%%
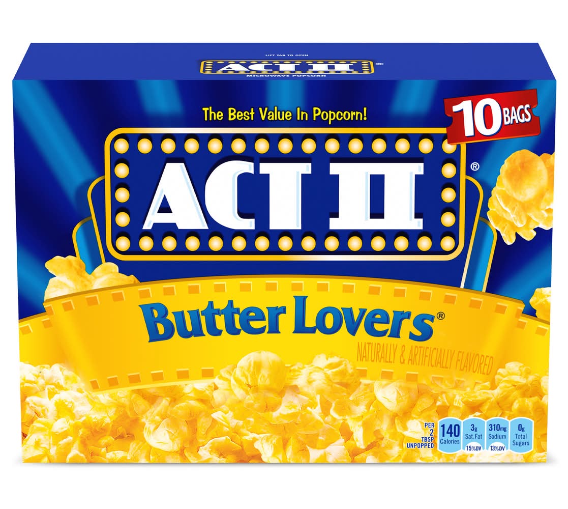 Experience delicious buttery goodness in every fluffy kernel with ACT II Butter Lovers Microwave Popcorn. ACT II is quick and convenient microwave popcorn that's gluten free and made with 100% whole grain popcorn kernels. Try this buttery, salty snack for game nights, movie nights, birthday parties, afternoon pick-me-ups or anytime you want to indulge in salty yumminess. From Butter Lovers and homestyle popcorn to kettle corn and beyond, there is a flavor to satisfy every single craving. Snack Like You Mean It with ACT II Butter Popcorn: the best value in popcorn. • Flavor: Butter lovers • Pack size: 10
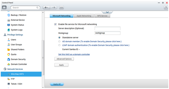 请先以管理者账号登录NAS。切换至[控制面板]>[网络服务]>[Win/Mac/NFS]>[微软网络]之后,点击[启用微软网络服务]。
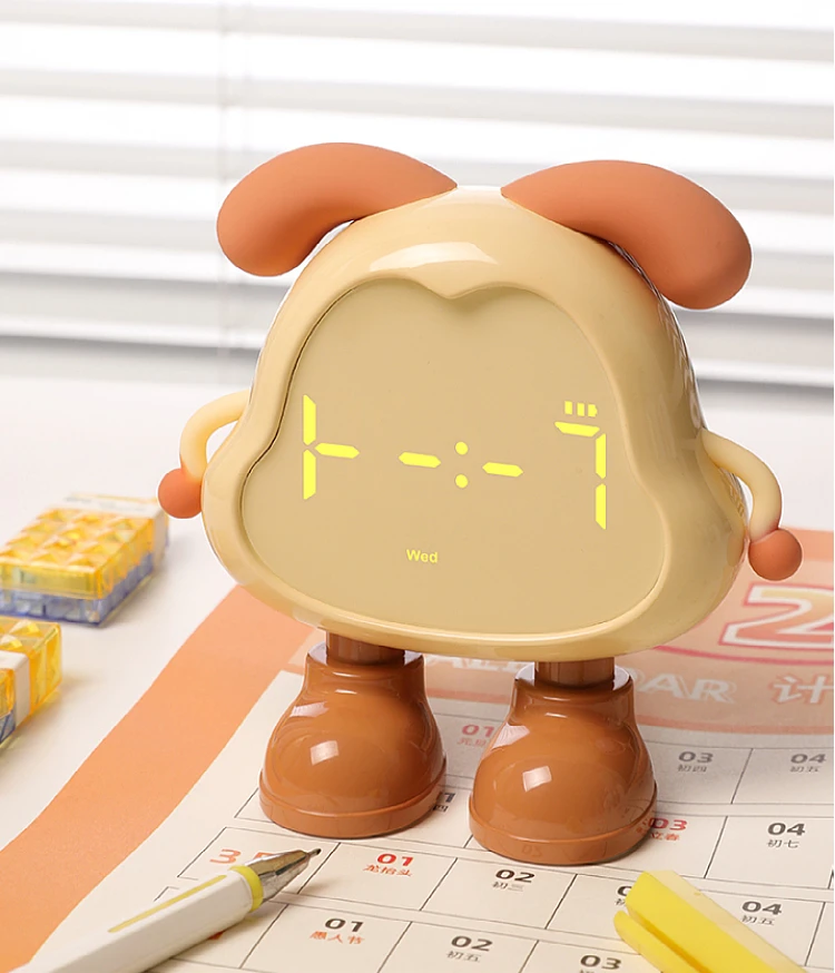 Modern Dog Desk Clock with Warm Night Light Bell Alarm Quartz Movement-for Bedroom Office or Lunch Break Decor
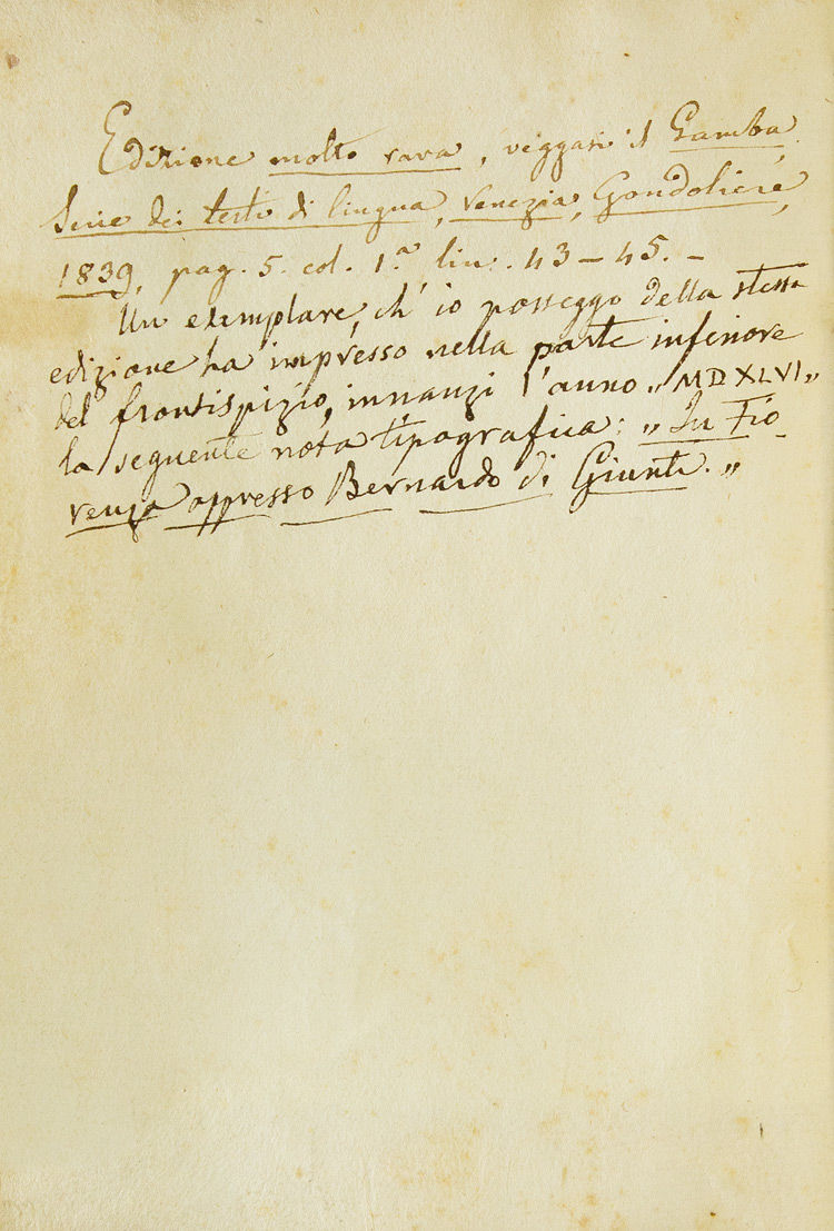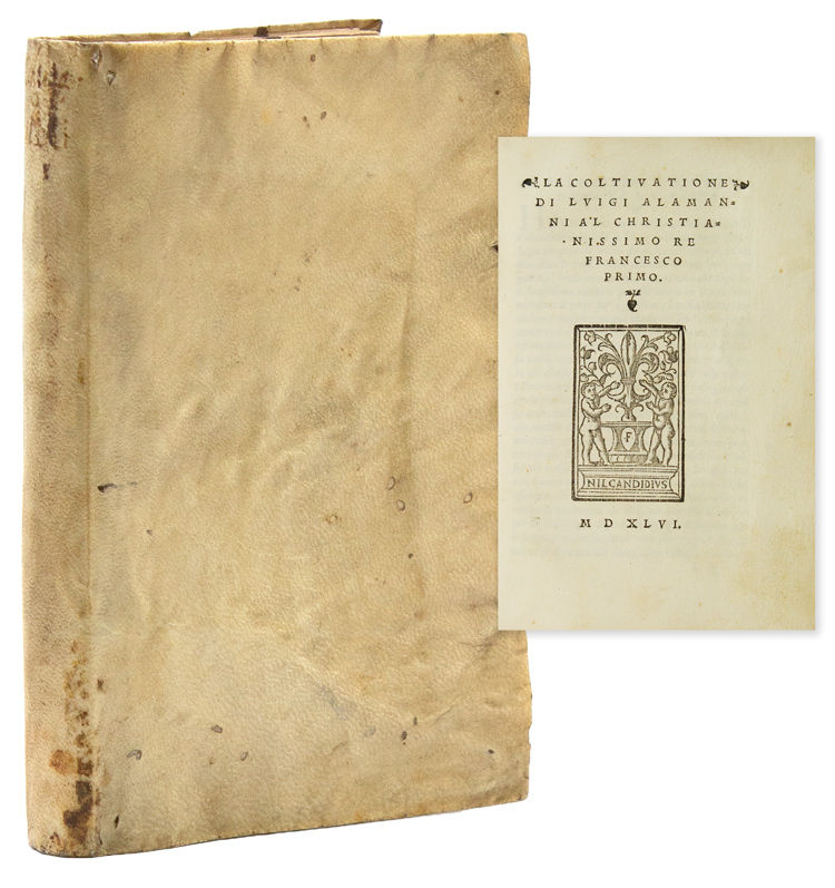 Florence: Bernardo Giunta, 1546. Second edition, first to be printed in Italy. [1, blank], 102, [1] leaves. Woodcut device on title and verso of the terminal leaf. 8vo. Contemporary vellum. Second edition, first to be printed in Italy. [1, blank], 102, [1] leaves. Woodcut device on title and verso of the terminal leaf. 8vo. Second edition of Alamanni's pastoral masterpiece, composed in the manner of Virgil's Georgics. This edition was the first to be printed in Italy (the first edition printed in Paris by Robert Estienne). Adams A-410; Renouard p. lv, no. 38; Gamba 17n; Brunet I 125-126
%%
### Exercise prompt
Everything from the line with "Modern Dog Desk" through the last line above must be repeated exactly, except the pictures.

### Response box
 Modern Dog Desk Clock with Warm Night Light Bell Alarm Quartz Movement-for Bedroom Office or Lunch Break Decor
 Florence: Bernardo Giunta, 1546. Second edition, first to be printed in Italy. [1, blank], 102, [1] leaves. Woodcut device on title and verso of the terminal leaf. 8vo. Contemporary vellum. Second edition, first to be printed in Italy. [1, blank], 102, [1] leaves. Woodcut device on title and verso of the terminal leaf. 8vo. Second edition of Alamanni's pastoral masterpiece, composed in the manner of Virgil's Georgics. This edition was the first to be printed in Italy (the first edition printed in Paris by Robert Estienne). Adams A-410; Renouard p. lv, no. 38; Gamba 17n; Brunet I 125-126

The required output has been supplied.